Jaguar Land Rover has also become a target of a crippling cyberattack, which has compelled the largest carmaker in Britain to shut down its major manufacturing plants and grossly affected its retail business, becoming one of the biggest cybersecurity breaches to strike the automobile sector this year. A collective of English-speaking hackers has claimed the attack, which is associated with the many high-profile hacks of big retailers in the UK.
Hackers who are English-speaking say they did it
The Guardian reports that a group of English-speaking hackers associated with the Marks and Spencer cyber-attack has taken credit for an attack on Jaguar-Land Rover. One of the channels on the Telegram platform included a screenshot of what seemed to be the internal IT systems of the carmaker, and a news article about the hack.
The name of the Telegram channel is an amalgamation of three English language-speaking, or Western-based, hacking gangs named Scattered Spider, Lapsus, and ShinyHunters. The collective of teenage and twentysomethings known as Scattered Spider has been accused of attacks this year on British retailers M&S, Co-op, and Harrods.
Huge disruption of production throughout manufacturing sites
Monday saw the largest carmaker in Britain shut down production at major manufacturing and retailing facilities after acknowledging that a cyber-incident had severely disrupted its manufacturing and retailing operations. It said that it could not detect any evidence that it had stolen any customer data, but that it had proceeded to close its systems and that it had had to do it as quickly as it could in order to contain the damage.
JLR did not give any additional details on who had caused the incident, when it was realized, or how long it would be before it got back on its feet. According to sources in the Car industry, it had a serious impact on its suppliers, who supply its factories with parts regularly.
The suppliers lose a lot of money
Industry sources estimate that these suppliers would lose tens of millions of pounds in sales due to the discontinuation of production. The attack underscores the interdependence of the current automotive production processes, where just-in-time delivery networks expose the whole supply chain to cybercrime attacks. One of the personas on the Telegram group, known as Rey, is the same name as one of the members of Hellcat, the ransomware group that purported to have stolen data in JLR earlier this year, said a security researcher at UK-based cybersecurity company Sophos.
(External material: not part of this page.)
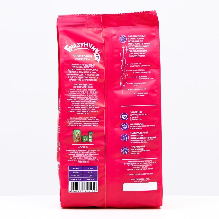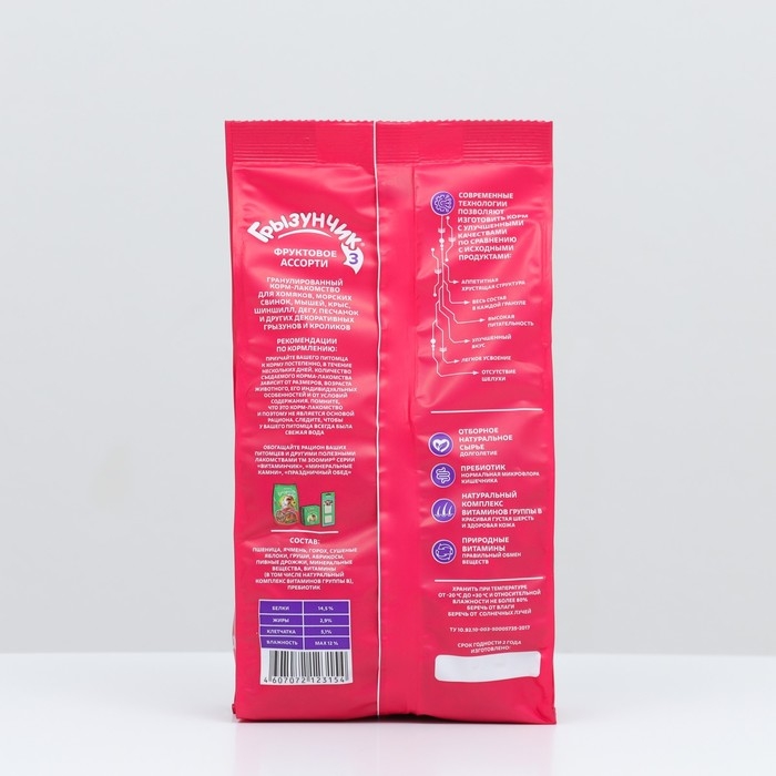 Гранулированный корм-лакомство для хомяков, морских свинок, мышей, крыс и других декоративных мелких грызунов. Этот корм подойдет также для кроликов, шиншилл и белок. Содержит вещество, необходимое для нормального развития и жизнедеятельности Вашего зверька.

Hackers advance social engineering
Sinnott said they used social media and were interested in it. Lapsus was no exception, which is why the tactics used and their demographics were similar to the Scattered Spider collective. Talking about ShinyHunters and Scattered Spider, Sinnott said: “It is hard to organize them into a group since they are, in fact, people who interact online and engage through different tools, such as Telegram.
The JLR cyber-attack is amid the unstable state caused by the US tariffs and decreasing sales. The carmaker reported underlying pre-tax profit in the first half year to June was down by 49% to 351m, and this saw the firm suspend exports to the US temporarily. A National Crime Agency spokesperson said: We have heard of an incident that has hit Jaguar Land Rover, and we are working with partners to learn more about its impact.
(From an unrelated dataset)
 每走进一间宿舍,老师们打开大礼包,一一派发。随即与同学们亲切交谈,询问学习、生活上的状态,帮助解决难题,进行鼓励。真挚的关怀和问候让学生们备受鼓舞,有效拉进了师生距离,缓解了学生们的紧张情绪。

The Jaguar Land Rover cyberattack is a milestone in the history of cyberattacks on critical manufacturing infrastructure, and it demonstrates how well-developed hacker groups can severely disorient essential industrial operations. The incident demonstrates the need to make certain that the quality of cybersecurity within the automobile industry is improved by any means, as business is becoming more reliant on online digital networks and supply chains.